Body Labs used its technology to convert scan data from sensors. Laser scanners, photogrammetry, and RGB-D sensors all gave great inputs but consumers were adopting the technology very slowly. This inspired the company to lower the entry barriers into the body capture and AR fields by modifying their research models. Taking data from any camera allowed convolutional neural networks to study and predict 2D locations and 3D joint rotations. Fitting the company's Skinned Multi-Person Linear Models (SMPL) onto predicted shapes let the company find new ways to augment reality.

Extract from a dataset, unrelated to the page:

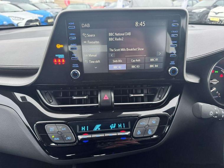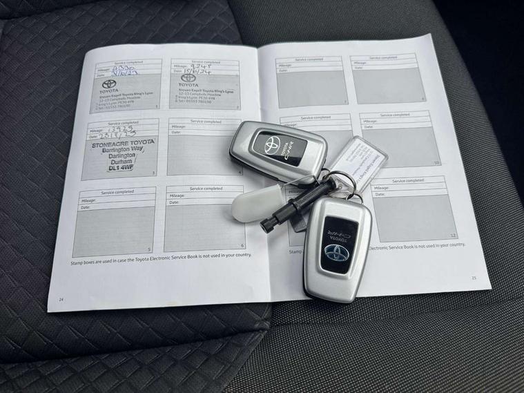 4.2" coloured TFT screen for multi-information display, Adaptive cruise control, Bluetooth connectivity, E-call, Electric power steering, Hybrid system indicator, Lane departure alert with steering control, Lane trace assist, Push button start, Push button tailgate release, Remote boot door release in cabin, Remote boot door release in key, Reversing camera, Road sign assist - RSA, Smart voice assist, Trip computer, Voice recognition, Vehicle Stability Control (VSC), 6 speakers, AM/FM radio, DAB Radio (Digital Audio Broadcasting), Toyota touch 2 multimedia system with 8" display, USB connector, Wi-fi connectivity, Anti-jam protection on power windows, Auto high beam, Auto up and down function on all power windows, Automatic headlights, Automatic headlights cut-off, Black and body coloured rear bumper, Black lower front grille, Black upper front grille, Body colour door handles, Body colour door mirrors, Body colour front spoiler lip, Body coloured front bumper, Boot door release with push button, Electric heated door mirrors, Follow me home headlights, Front and rear power windows, Front fog lights, Headlight cut off reminder, Honeycomb lower front grille, LED daytime running lights, LED High mounted stop light, LED rear brake lights, LED rear combination lights, Manual headlight levelling, Manually retractable door mirrors, Noise reduction layer on front windows and windscreen, Power adjustable door mirrors, Rear side wing doors, Rear spoiler, Rear tailgate, Rear window defogger, Rear window wiper, Reflective LED headlights, Shark fin antenna, UV-filter on driver and passenger windows, UV-filter on rear windows, 12v power outlet - front, 3 rear headrests, 3 seat bench in 2nd row, 3 spoke leather steering wheel, 60/40 split folding rear seat, Adjustable rear headrests, Adjustable speed limiter switch on steering wheel, Assist grips front and centre pillar, Audio and telephone switches on steering wheel, Black front door assist grips, Boot light, Chrome interior door handles, Cloth upholstery, Driver and front passenger personal light, Driver and front passenger Whiplash Injury Lessening seats, Dual zone automatic air conditioning, Floor mats, Front cupholders, Front head restraints, Front sports seats, Glovebox with internal light, Hard tonneau cover, Hooks for luggage holding net, Humidifying Nanoe air purifier, Illuminated entry system, Isofix attachments on outer rear seats, Leather gearshift, Light on driver sun visor, Light on passenger sun visor, Manual telescopic steering wheel, Manual tilt steering wheel, Manually adjustable lumbar support on driver seat, Manually height adjustable driver seat, Manually height adjustable front passenger seat, Manually reclining driver seat, Manually reclining front passenger seat, Manually sliding driver seat, Manually sliding front passenger seat, Microphone on front personal light, Mirror on driver sun visor, Mirror on passenger sun visor, Multimedia switches on steering wheel, Pollen filter, Shopping bag hooks, Single front passenger seat, Slow opening on lower glovebox, Voice recognition switch on steering wheel, 16 Disk front wheel brake, 3x3 point rear seatbelts, ABS+EBD+Brake assist, Electronic parking brake, Front and rear seatbelt reminder, Front passenger airbag on/off switch, Hill start assist control (HAC), Pre collision system with pedestrian detection, Pre-tensioners and force limiters, Rear door child safety locks, SRS Airbags - Driver + Front passenger, front side, front and rear curtain and driver's knee airbags, Toyota safety sense, Tyre pressure monitoring system, Tyre pressure warning system, Acoustic vehicle alert system (AVAS), Glass-breaking alarm sensors, Immobiliser, Intrusion alarm, Intrusion sensor, Motion sensor alarm, Power door locks, Power passenger window lock, Remote central locking, Black lower dashboard, Black upper dashboard, Grey deco line on upper dashboard, Matte black centre console, Tyre repair kit,

Earlier this month Body Labs released SOMA, their human-aware platform for augmented reality. Thousands of human scans, images, body textures and demographics make up the shape and motion database at the heart of SOMA. The tech can be used to detect 3D motion from user-generated videos, predict 3D shapes from pictures, and give hardware or software the ability to understand body gestures without needing voice prompts. Mobility applications can also use the technology to detect pedestrians and predict their behavior.

Jon Cilley, VP of Marketing and Chief Evangelist at Body Labs answered a few questions for us about SOMA and its development. He said that current augmented reality enhances and modifies a captured environment, or provides additional context within these environments. Body Labs felt that people were the most important part of the AR experience but current technology was struggling to find ways to utilize the human factor. Once the structural components were in place the critical design decision was figuring out where to target the technology transfer. Gaming, apparel and AR industries were targeted because the team felt immediate applications already existed in those industries.










The Mosh app is already using this technology for a personal experience. Unlike Snapchat's rainbow puking face recognition Mosh takes a full body scan and lets the user add butterflies, spacesuits or sparkling flowers. SOMA is fascinating both as a new technology and for the possibilities that we haven't even considered yet. There are videos on the website of users transforming from human to video game buff, and using a fireball to knock over opponents. Shoppers can instantly try on several outfits based on a single user picture. The company's research page shows several studies that were done for datasets, anthropometry, pose recognition and segmentations. I can easily see this technology being applied to ergonomic or biometric studies in a manufacturing setting, or used to develop new sports and fitness equipment.